The business value of text analytics is fairly straightforward. The large amounts of text based data most organizations possess, acquired and managed at considerable cost, can be analysed in such a way that insights can be gained to improve the efficacy and efficiency of business operations. Text based data are an untapped resource in many organizations. Structured data (customer details held in a database for example) on the other hand are very well exploited, primarily because they are specifically formatted for computer processing.
While unstructured data, primarily text, is well suited for human communication, there have been significant hurdles to overcome to make it amenable to processing by computer systems. The
se barriers have been slowly eroded to the extent that significant value can now be extracted from text.This is something of an irony since text based data typically accounts for eighty per cent of the data most organizations generate and process. Emails, documents, social data, comments and a wide variety of other text are usually archived, but typically not analysed in any meaningful way. The cost of creating, capturing and managing this information is considerable. In a service based business most employees can easily be categorized as information workers, and the cost of the information they generate is directly related to associated labour costs. Viewed in this way the cost of text data in many organizations is in excess of fifty per cent of all costs. Clearly any technology capable of automating the extraction of useful information from these data should be of interest.

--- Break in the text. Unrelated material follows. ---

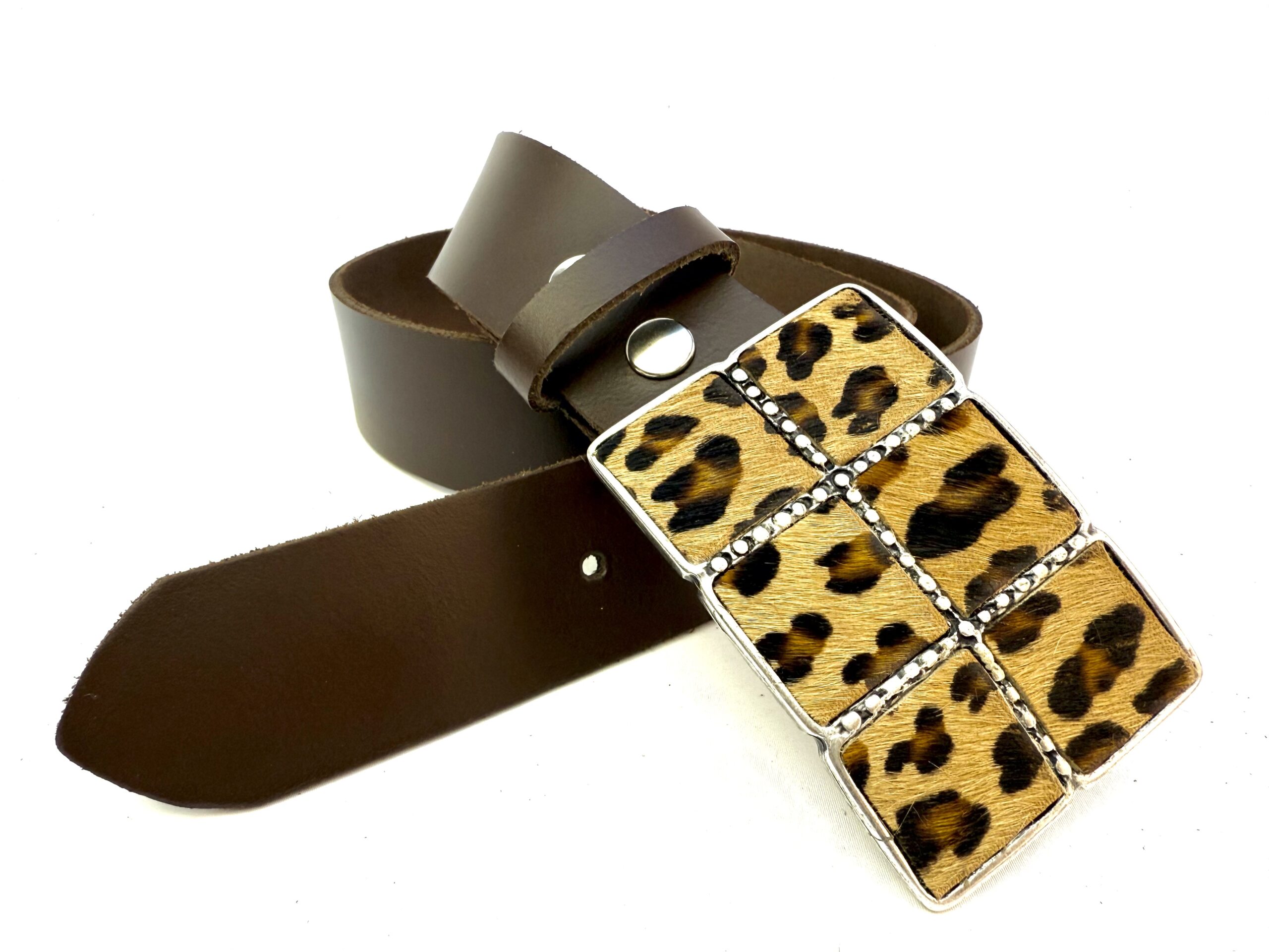 Sé el primero en valorar “Cinturón de piel liso con hebilla animal print Leopardo”

The application of text analytics technologies has grown rapidly with increased regulation, the proliferation of social data, and efforts to record the thoughts and comments of customers. Embedded in the terabytes of unstructured data are patterns which can serve a diverse range of purposes, from flagging when a customer is likely to close their account, through to fraud detection. The value of text analytics is amplified when both structured and text data are combined, and to this end text mining technologies are witnessing significant uptake. In this scenario text data are converted into a form where they can be merged with structured data from transactional systems and are then scrutinized by data mining technologies, whose sole purpose is to uncover hidden structure in data and reveal exploitable patterns. It is then crucial that these patterns can be deployed in a production environment, with full monitoring of performance as scoring is performed on new incoming data. Managers will not be confident unless they can assess the benefits a predictive model is bringing on a real-time, ongoing basis.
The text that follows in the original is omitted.